4. Sartre - The French philosopher is often credited with the founding of Existentialism, but Barrett frequently assures the reader that this is not the case. Nonetheless, acknowledged as a leading Existentialist, Sartre makes his contribution to philosophy. Being caught in the dualism of Descartes (a situation that would horrify Heidegger) Sartre reveals his "Being-in-itself" and "Being-for-itself" as explanation of two phenomena: just being something, and being conscious of being something--beyond self (p. 245). Barrett seems to appreciate Sartre, especially his "consciousness and freedom" that enable a man to say "no" in his mind regardless of what external pressures force physical man to do (pp. 241-242), but at the same time pokes a bit of fun at him. Pehaps this is because of Sartre's Communist-oriented utopian ideas.

Part IV - INTEGRAL MAN VS. RATIONAL MAN. Here Barrett tries to "wrap it up" in a neat package, mainly through the appeal that Existentialism provides "a truth for man that is more than a truth of the intellect" and seeks to bring "the whole man--the concrete individual in the whole context of his everyday life, and in his total mystery and questionableness--into philosophy" (p. 249).

The author does a quite masterful job in accomplishing his aims, and gives the reader a more precise (if Existentialism can be "precise") picture of existential man. One becomes involved in Barrett's process, appreciates the power and precision with which he presents his arguments but, in the end, has some misgivings about the whole thing. The question keeps coming back, "Do the ‘proofs' and testimonies presented really have that much in common, or has Barrett merely forced the situation through clever rhetoric?"

With the continual insistence that Existentialism has always "been around" Barrett hits on a point that might prove to be at once his strongest and weakest. One needs to think that a way of looking at life was "always there" or it might be too new to fit anything as old as life. At the same time, a continued reference to the Existentialism of the thinkers from Socrates to the present leaves a credibility gap.

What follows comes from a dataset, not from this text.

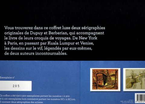 Lors d'un séjour aux États-Unis en 1995, Dupuy et Berberian, le célèbre duo de Fluide glacial, réalisent des croquis pour saisir les ambiances du quotidien. C'est à travers des scènes panoramiques ou des séquences de bande dessinée qu'ils rendent compte de leur voyage. Suivront alors d'autres séjours (Lisbonne, Tanger, Istanbul...) à leur tour croqués dans des carnets. Tous les croquis sont ici réunis dans un seul et même magnifique livre où les esquisses sont accompagnées de légendes teintées de l'esprit et de l'humour Dupuy-Berberian. Les amateurs de BD prendront plaisir à découvrir ses deux dessinateurs stars sous un jour nouveau !

The image that comes to mind is that of one who establishes a twentieth-century religion, but painstakingly sets out to prove that Jesus and the Apostles were really whatever it is that the newcomer is espousing. He sets the scientific aside and appeals simply to a phenomenon he calls "existence." Interesting it is, but is it believable?

The doubts notwithstanding, Barrett comes through: the germ is there, and the reader resigns himself to the possibility of the ultimate "truth" of which the Existentialist speaks. While reading Barrett's book, this writer had the definite feeling that the English language, somehow, fails to adequately express what "to be" existentially and "to be" essentially really mean. An illusion is made to this idea (p. 210), but not really developed. Perhaps the example of Spanish can shed some light: ser (to be) seems to suggest essence, while estar (to be) implies existence. The subtleties involved in these two verbs of being are only to be learned through experience with the language and, perhaps, that within itself is a form of Existentialism!